======== Data records ========

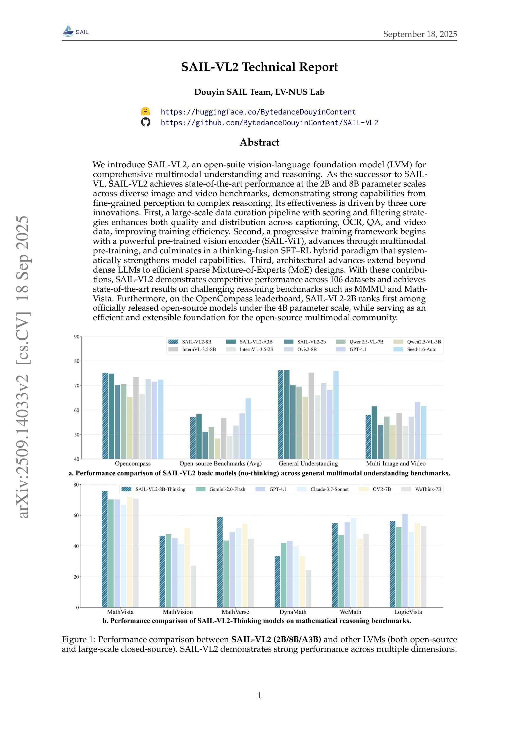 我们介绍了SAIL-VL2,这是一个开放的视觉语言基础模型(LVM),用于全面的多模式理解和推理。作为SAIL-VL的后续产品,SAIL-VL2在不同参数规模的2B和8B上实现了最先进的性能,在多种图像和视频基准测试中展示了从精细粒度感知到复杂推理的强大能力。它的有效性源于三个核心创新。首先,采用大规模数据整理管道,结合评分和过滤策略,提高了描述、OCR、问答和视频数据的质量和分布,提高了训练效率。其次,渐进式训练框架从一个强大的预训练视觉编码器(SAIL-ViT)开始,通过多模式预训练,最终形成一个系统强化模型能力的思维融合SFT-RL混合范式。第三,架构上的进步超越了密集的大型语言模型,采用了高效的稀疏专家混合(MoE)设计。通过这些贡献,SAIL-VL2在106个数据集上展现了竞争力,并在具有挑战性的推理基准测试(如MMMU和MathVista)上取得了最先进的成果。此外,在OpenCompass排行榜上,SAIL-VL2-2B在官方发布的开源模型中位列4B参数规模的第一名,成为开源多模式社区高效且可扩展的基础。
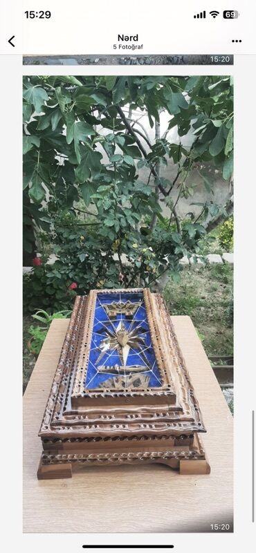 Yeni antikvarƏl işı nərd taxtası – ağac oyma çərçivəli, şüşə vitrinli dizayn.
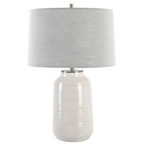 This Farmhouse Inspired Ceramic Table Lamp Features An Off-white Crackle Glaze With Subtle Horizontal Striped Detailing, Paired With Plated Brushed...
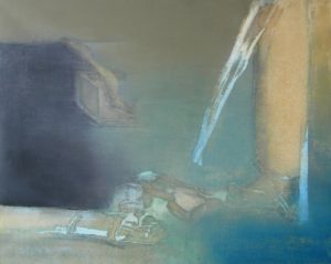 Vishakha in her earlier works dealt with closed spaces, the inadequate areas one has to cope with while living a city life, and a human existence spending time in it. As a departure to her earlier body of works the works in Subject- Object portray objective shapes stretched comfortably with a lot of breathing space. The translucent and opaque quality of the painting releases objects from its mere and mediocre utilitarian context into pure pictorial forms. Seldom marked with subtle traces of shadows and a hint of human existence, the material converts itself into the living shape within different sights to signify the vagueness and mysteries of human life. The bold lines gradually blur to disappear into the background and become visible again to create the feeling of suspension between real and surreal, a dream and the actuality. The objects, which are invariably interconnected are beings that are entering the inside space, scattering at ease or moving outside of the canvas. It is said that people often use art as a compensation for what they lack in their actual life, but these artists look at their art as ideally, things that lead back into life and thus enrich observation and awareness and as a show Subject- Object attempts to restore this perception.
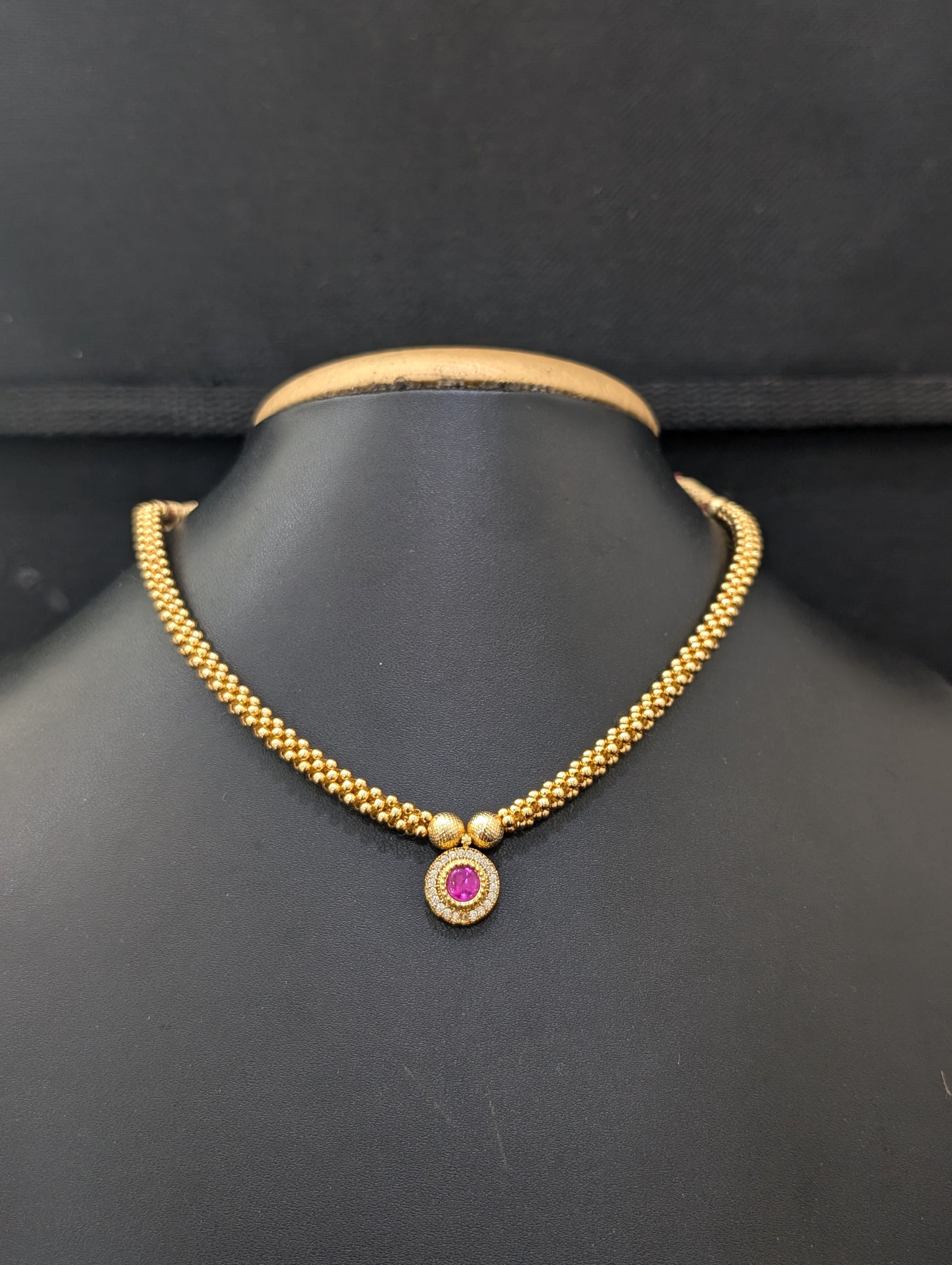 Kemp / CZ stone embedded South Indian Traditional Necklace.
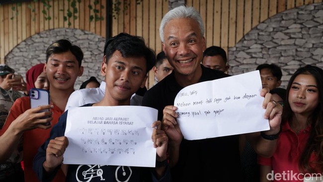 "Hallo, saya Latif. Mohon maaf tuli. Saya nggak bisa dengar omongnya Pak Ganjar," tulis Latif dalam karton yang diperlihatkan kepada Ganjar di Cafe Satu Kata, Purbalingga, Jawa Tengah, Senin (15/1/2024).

========

#### Assigned task
Every entry above needs to be duplicated precisely, and none of the pictures should appear.

#### Exercise output
 我们介绍了SAIL-VL2,这是一个开放的视觉语言基础模型(LVM),用于全面的多模式理解和推理。作为SAIL-VL的后续产品,SAIL-VL2在不同参数规模的2B和8B上实现了最先进的性能,在多种图像和视频基准测试中展示了从精细粒度感知到复杂推理的强大能力。它的有效性源于三个核心创新。首先,采用大规模数据整理管道,结合评分和过滤策略,提高了描述、OCR、问答和视频数据的质量和分布,提高了训练效率。其次,渐进式训练框架从一个强大的预训练视觉编码器(SAIL-ViT)开始,通过多模式预训练,最终形成一个系统强化模型能力的思维融合SFT-RL混合范式。第三,架构上的进步超越了密集的大型语言模型,采用了高效的稀疏专家混合(MoE)设计。通过这些贡献,SAIL-VL2在106个数据集上展现了竞争力,并在具有挑战性的推理基准测试(如MMMU和MathVista)上取得了最先进的成果。此外,在OpenCompass排行榜上,SAIL-VL2-2B在官方发布的开源模型中位列4B参数规模的第一名,成为开源多模式社区高效且可扩展的基础。
 Yeni antikvarƏl işı nərd taxtası – ağac oyma çərçivəli, şüşə vitrinli dizayn.
 This Farmhouse Inspired Ceramic Table Lamp Features An Off-white Crackle Glaze With Subtle Horizontal Striped Detailing, Paired With Plated Brushed...
 Vishakha in her earlier works dealt with closed spaces, the inadequate areas one has to cope with while living a city life, and a human existence spending time in it. As a departure to her earlier body of works the works in Subject- Object portray objective shapes stretched comfortably with a lot of breathing space. The translucent and opaque quality of the painting releases objects from its mere and mediocre utilitarian context into pure pictorial forms. Seldom marked with subtle traces of shadows and a hint of human existence, the material converts itself into the living shape within different sights to signify the vagueness and mysteries of human life. The bold lines gradually blur to disappear into the background and become visible again to create the feeling of suspension between real and surreal, a dream and the actuality. The objects, which are invariably interconnected are beings that are entering the inside space, scattering at ease or moving outside of the canvas. It is said that people often use art as a compensation for what they lack in their actual life, but these artists look at their art as ideally, things that lead back into life and thus enrich observation and awareness and as a show Subject- Object attempts to restore this perception.
 Kemp / CZ stone embedded South Indian Traditional Necklace.
 "Hallo, saya Latif. Mohon maaf tuli. Saya nggak bisa dengar omongnya Pak Ganjar," tulis Latif dalam karton yang diperlihatkan kepada Ganjar di Cafe Satu Kata, Purbalingga, Jawa Tengah, Senin (15/1/2024).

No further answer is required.